RESULTS AND DISCUSSION
Effectiveness of the PMGKY scheme
Table 4 presents the state‐wise comparison of beneficiaries (out of the eligible farmers) for the four components of the PMGKY emergency relief package. In the PM‐KISAN program, results in Table 4 show that 81% of farmers in the sampled states were eligible to receive the benefits and that 89% of eligible farmers received cash transfers of about INR 2000. Note that the share of farmers receiving PM‐KISAN benefits is not 100% because farmers may not have met the requirements (such as data entry errors in a beneficiary's account number and delay in uploading beneficiary information) to receive the program's benefits. The share of cash transfer recipients in the PM‐KISAN scheme was highest for Uttar Pradesh (93%), followed by Rajasthan (88%), and Madhya Pradesh (83%). In the current situation, in which liquidity is a concern for farmers, the emergency cash transfer under the PM‐KISAN program in the form of a lump‐sum payment is likely to provide much‐needed support for ongoing agricultural activities, mostly to crop farmers. The PM‐UY program results in Table 4 show that 63% of households were eligible to receive conditional cash transfers. In terms of beneficiaries, 94% of the farming households received direct cash benefits under the PM‐UY scheme. The number of recipients under the PM‐UY program was highest in Uttar Pradesh (96%), followed by Madhya Pradesh (94%) and Rajasthan (92%). Recall that payment under the PM‐UY is a conditional transfer, and the first installment was provided to all PM‐UY beneficiaries. However, to receive the second installment, the household needed to have purchased the cooking gas tank from the money it received in April. Therefore, the findings need to be interpreted carefully.
TABLE 4.
Beneficiaries of PM‐KISAN, PM‐UY, PM‐JANDHAN and PM‐AVY, by States, India, 2020
| States | No. of | PM‐KISAN | PM‐UY | PM‐JDY | PM‐AVY | ||||
|---|---|---|---|---|---|---|---|---|---|
| Farmers (#) | Eligible farmers (%) | Recipient farmer (%) | Eligible farmers (%) | Recipient farmer (%) | Eligible farmers (%) | Recipient farmer (%) | Eligible farmers (%) | Recipient farmer (%) | |
| Rajasthan | 449 | 82 | 88 | 63 | 92 | 83 | 95 | 99 | 80 |
| Madhya Pradesh | 483 | 89 | 83 | 63 | 94 | 79 | 89 | 97 | 60 |
| Uttar Pradesh | 857 | 76 | 93 | 62 | 96 | 76 | 95 | 99 | 82 |
| All states | 1,789 | 81 | 89 | 63 | 94 | 78 | 93 | 98 | 76 |
Source: ICAR‐IFPRI Survey 2020.
Note: The percentage of recipient farmer is calculated out of the eligible number of farmers for the scheme.

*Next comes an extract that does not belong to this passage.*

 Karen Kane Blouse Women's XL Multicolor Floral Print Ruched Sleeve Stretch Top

In the case of cash payments for women in the household under the PM‐JDY program, results in Table 4 show that 78% of households (women account holders in the family) were eligible to receive benefits under the PM‐JDY scheme, and 93% of eligible beneficiaries received about INR 500 in cash transfer payments. The number of recipients in the PM‐JDY program was highest in Uttar Pradesh (95%), followed by Rajasthan (95%) and Madhya Pradesh (89%).

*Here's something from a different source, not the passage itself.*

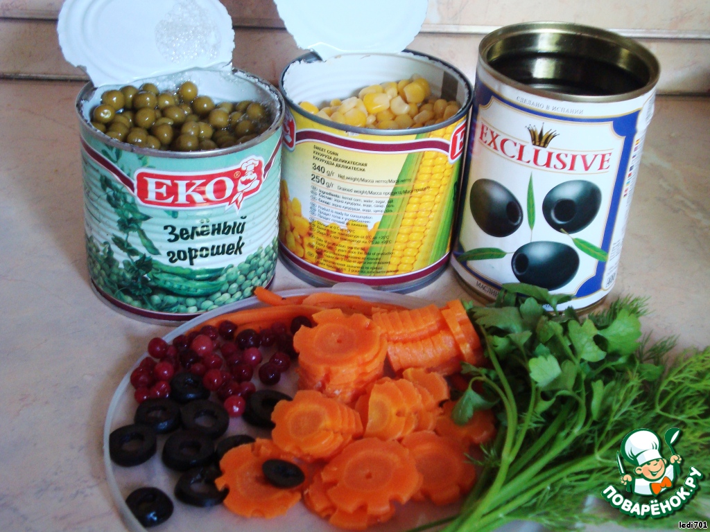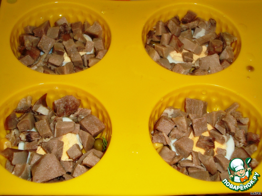 Затем засыпаем резаным языком, зеленым горошком и кукурузой.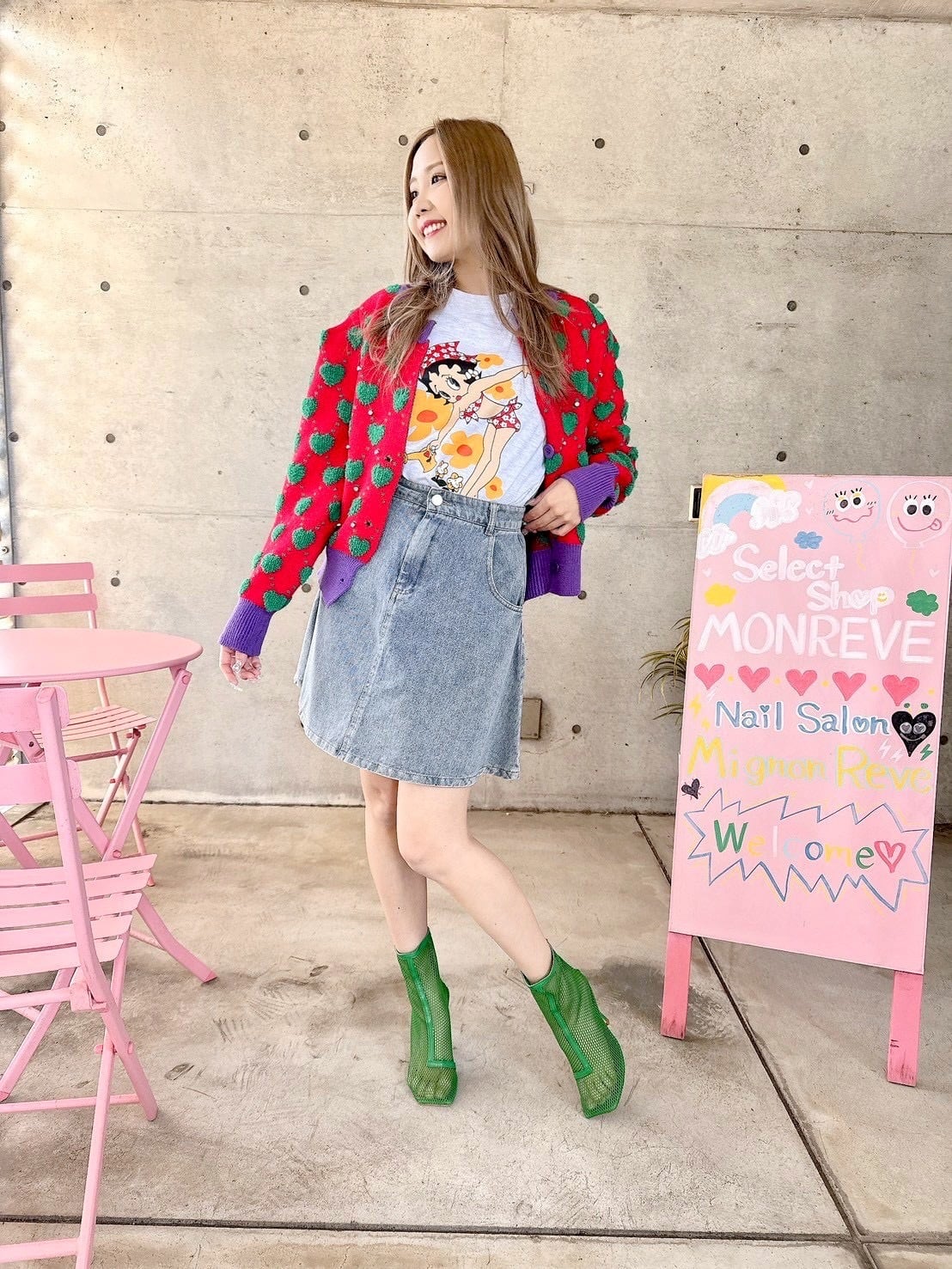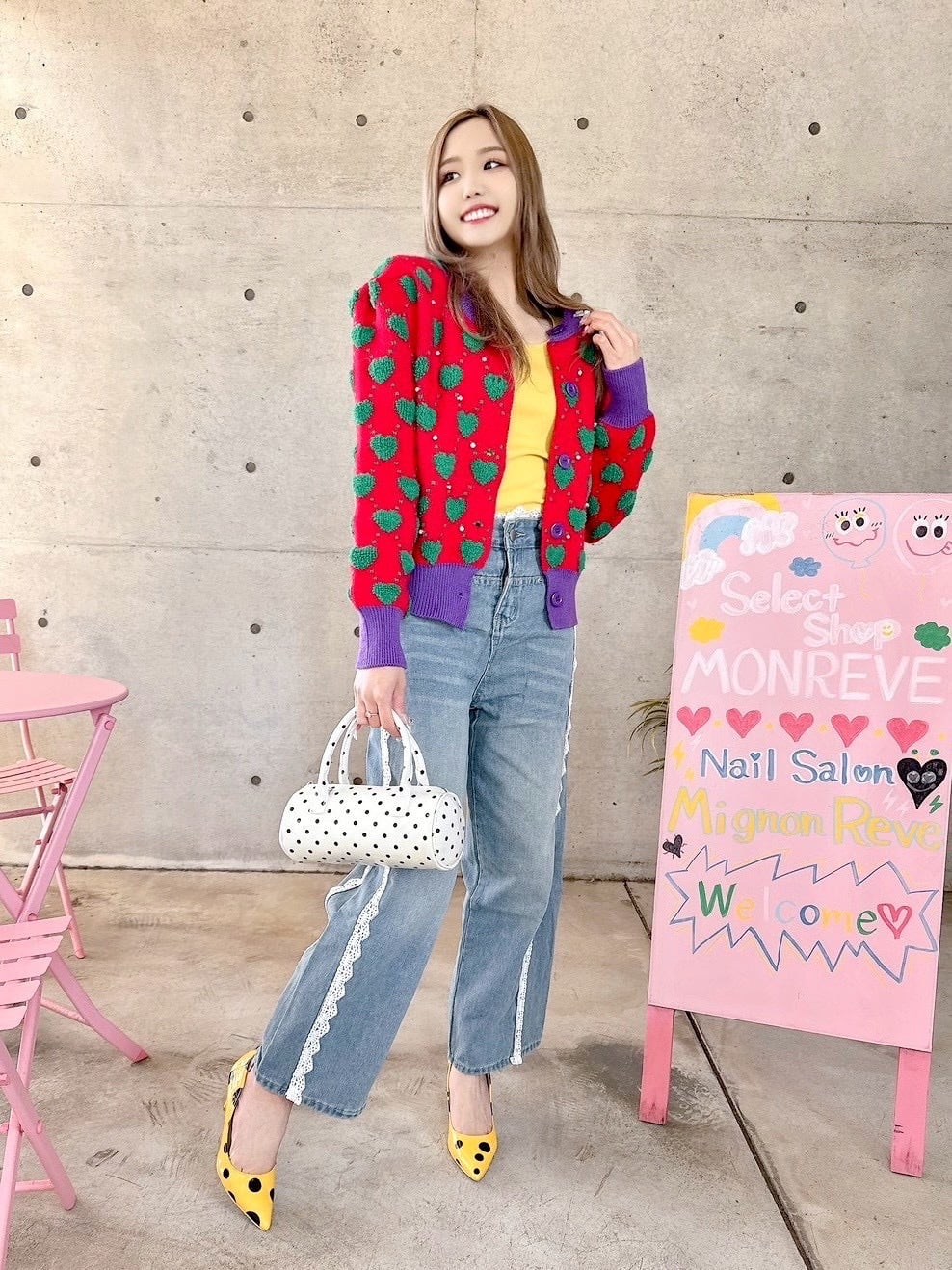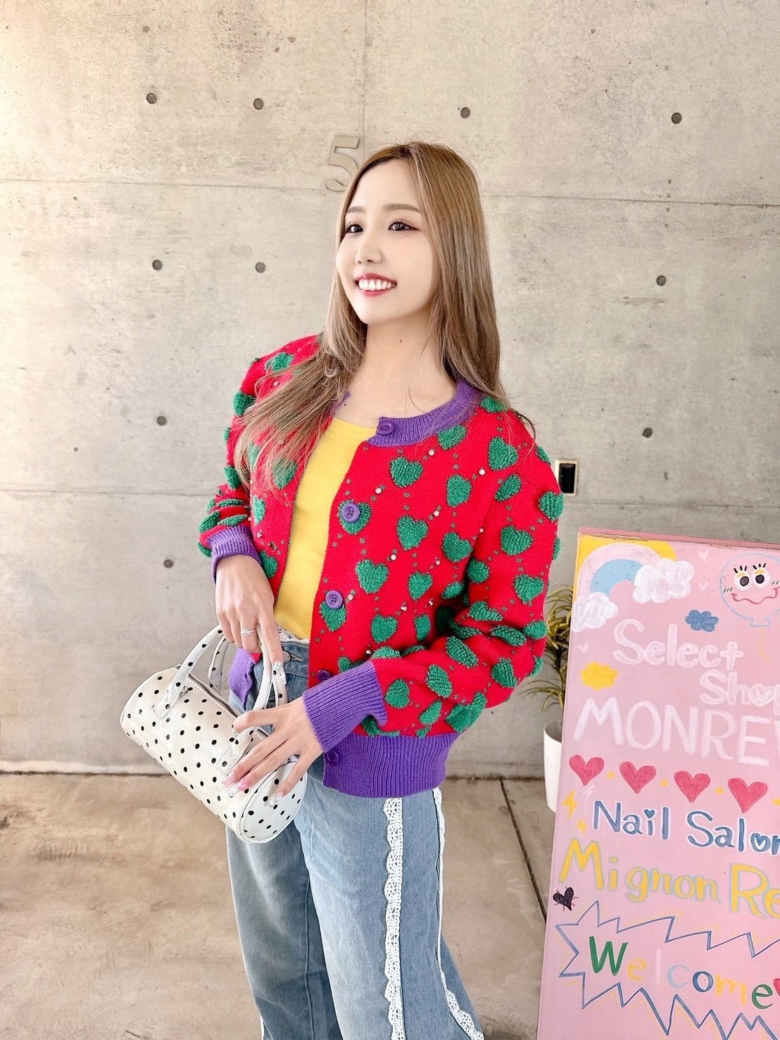 奇抜な配色でオシャレ感あるカーデ♡

In the PM‐AVY program, Table 4 shows that 98% of farmers were eligible to receive free food rations. In terms of beneficiaries, 76% of the eligible farm households received free food rations of wheat/rice and pulses. The share of recipients of free food rations under the PM‐AVY scheme was highest in Uttar Pradesh (82%), followed by Rajasthan (80%) and Madhya Pradesh (60%). Our finding is comparable with PMGKY allocation and actual distribution data published by the Ministry of Consumer Affairs and Public Distribution, Government of India. Note that PM‐UY and PM‐AVY schemes are critical in smoothening consumption by poor Indian households in the time of crisis in general and the COVID‐19 crisis in particular.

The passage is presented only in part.